I'm trying to filter a pandas dataframe so that I'm able to get the most recent data point for each account number in the dataframe. Here is an example of what the data looks like. I'm looking for an output of one instance of an account with the product and most recent date.
account_number product sale_date
0 123 rental 2021-12-01
1 423 rental 2021-10-01
2 513 sale 2021-11-02
3 123 sale 2022-01-01
4 513 sale 2021-11-30
I was trying to use groupby
and idxmax()
but it doesn't work with dates.
And I did want to change the dtype away from date time.
data_grouped = data.groupby('account_number')['sale_date'].max().idxmax()

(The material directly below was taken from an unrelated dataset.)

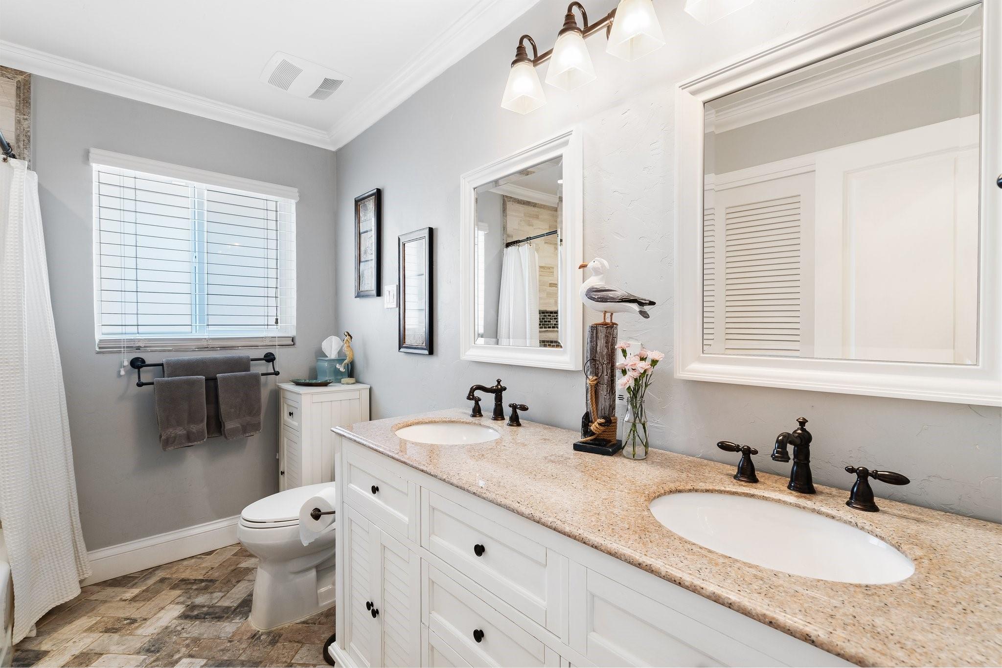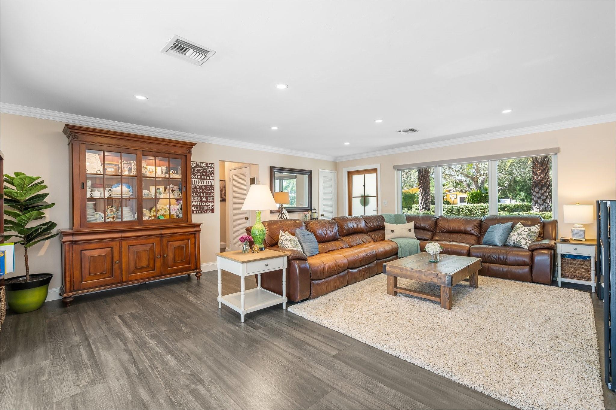Nestled on a peaceful street in the coveted Knoll Ridge, find a 3-bedroom, 2-bath residence, meticulously renovated from top to bottom. Its open concept seamlessly integrates a split bedroom layout, hurricane-impact windows and doors, and a modern chef's kitchen with a gas range. Expansive living areas are illuminated by abundant natural light from the large windows. This beautifully landscaped residence warmly welcomes you with elegant Sylvester palms at the front, and a majestic oak tree in the back. Beautiful travertine pavers enhance the property's allure, wrapping gracefully from front to side and throughout the backyard. Additional features include: a tankless gas water heater, newer AC, 2 car garage & large storage shed. Near the top private schools, beach, airport and downtown.

Any ideas would be awesome.
CodePudding user response:
It seems the sale_date
column has strings. If you convert it to datetime dtype, then you can use groupby
idxmax
:
df['sale_date'] = pd.to_datetime(df['sale_date'])
out = df.loc[df.groupby('account_number')['sale_date'].idxmax()]
Output:
account_number product sale_date
3 123 sale 2022-01-01
1 423 rental 2021-10-01
4 513 sale 2021-11-30
CodePudding user response:
Would the keyword 'first' work ? So that would be:
data.groupby('account_number')['sale_date'].first()
CodePudding user response:
To retain a subsetted data frame, consider sorting by account number and descending sale date, then call DataFrame.groupby().head
(which will return NaN
s if in first row per group unlike DataFrame.groupby().first
):
data_grouped = (
data.sort_values(
["account_number", "sale_date"], ascending=[True, False]
).reset_index(drop=True)
.groupby("account_number")
.head(1)
)
CodePudding user response:
You want the last
keyword in order to get the most recent date after grouping, like this:
df.groupby(by=["account_number"])["sale_date"].last()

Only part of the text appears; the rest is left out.